Directed by Lee Unkrich and Adrian Molina

I’m far from the only one to have Pixar fatigue, but it has been WAY too long since I’ve gotten excited for another animated film from them.  Even the prospect of Incredibles 2 only fills me with a mix of ennui and meh, so what hope does this film have to bring me back around on the studio?  Well it’s not a sequel for one which is a good sign and its premise, while not what I would call unique (*cough* Book of Life *cough* Grim Fandango *cough*), at least appears to be fleshed out (nyuk-nyuk-nyuk) as all the trailers show an immense level of detail and craftsmanship in every frame as well as an amazingly diverse cast that looks to bring an underrepresented culture to the big screen.  Hey, after the mostly positive reception and commercial success of Moana, it makes sense for Disney to stick with the formula; though hopefully we haven’t reached the point of diminishing returns just yet.  Will this be the standout animated film of the year like we’re in the golden age of Pixar, or has ship already sailed for one of the biggest giants of the industry?  Let’s find out!!
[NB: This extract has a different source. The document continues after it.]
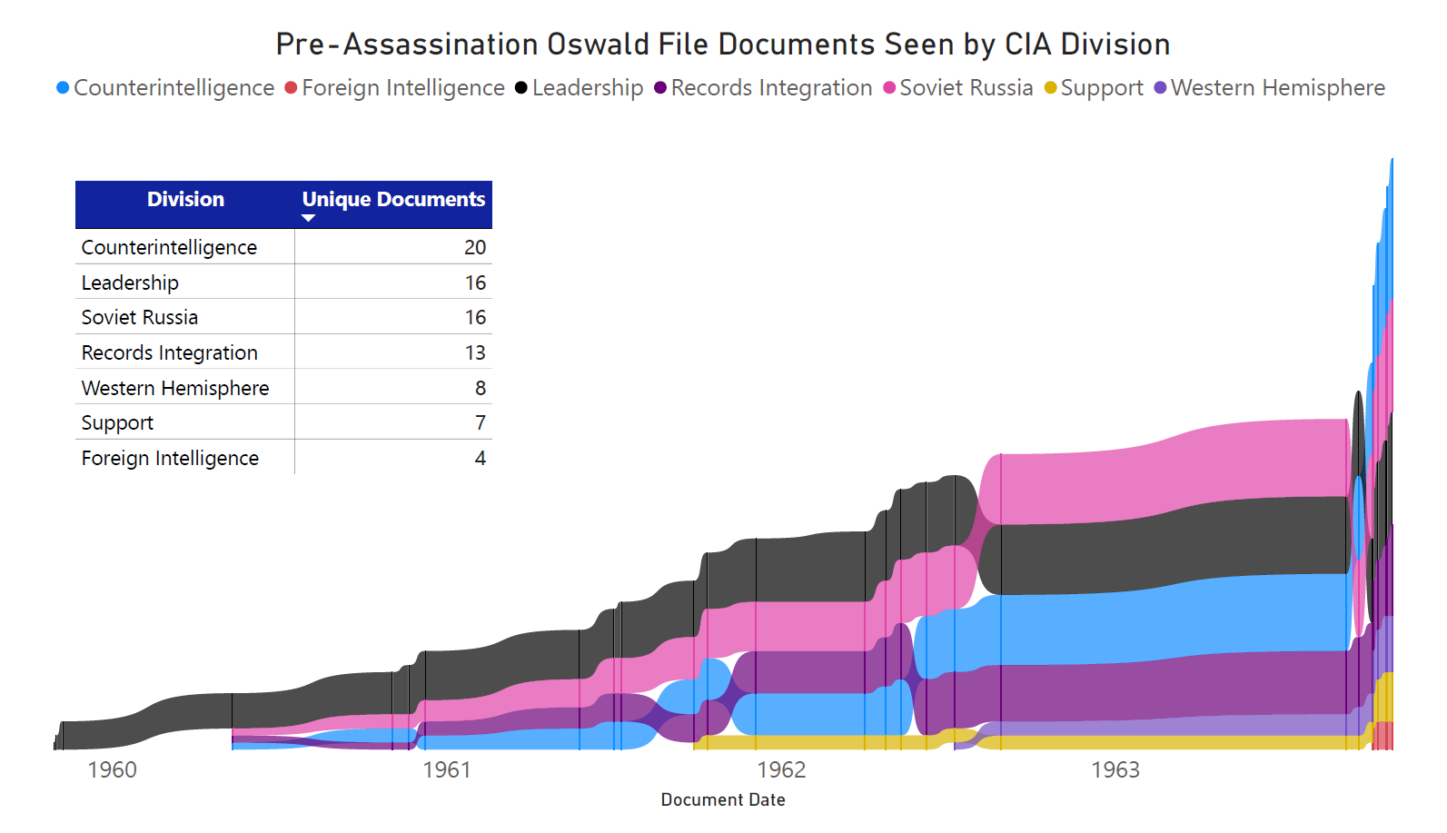На графике, который сделал профессиональный аналитик данных John Reid, отображена динамика роста для количества тех документов, касающихся Ли Харви Освальда, которые проходили в шести подразделениях ЦРУ до убийства президента Кеннеди, за период с ноября 1959 до ноября 1963 (Источник: JFKfacts)

The movie begins by telling us the history of the Rivera family where Imelda Rivera (Alanna Ubach) was stuck raising little Coco as her husband walked out on them to live out their dream as a world famous musician.  She didn’t let that get her down that she pulled herself up by her bootstraps and spent the rest of her life making shoes and teaching her family to make shoes; all the way to the present day where SHE may be dead and gone, but Coco is still around (Ana Ofelia Murguía) as the oldest living relative of the Rivera family and the great grandmother of Miguel (Anthony Gonzalez).  Now despite Imelda more or less banning music in the Rivera household which is a tradition that has carried to this day, little Miguel can’t help but want to be a musician like his hero Ernesto de la Cruz who was a famous musician long ago and is still fondly remembered in Mexico to this day.  In fact… maybe there’s a connection between the guy who walked out on Imelda to become a famous musician, and this famous musician that Miguel is obsessed with right now!?  Maybe he’s the long lost great great grandfather and the only one in his family that would understand his love of music!?  Well Miguel is certainly convinced of this after finding some photographic evidence and decides to… rob Ernesto de la Cruz’s grave so he can use his guitar to win a talent competition?  Okay… seems a bit extreme, but whatever!  THE KID’S GOTTA PLAY!!  Too bad that robbing a grave gets you a one way ticket to the afterlife as Miguel finds himself more or less a ghost to those in the living world and eventually finds himself in the city of the dead where all the people who died are now skeletons; including Imelda Rivera and the rest of his extended family!  Will Miguel find a way to get back home before his brief vacation among the dead turns into a permanent residency?  What will he be able to learn about himself and his family during his treat; including the elusive Ernesto de la Cruz who may be able to help Miguel live out his dreams as a musician?  How the heck is a human supposed to survive in a city of the dead anyway!?  It’s not like any of the residents have lungs, so do they even have oxygen there!?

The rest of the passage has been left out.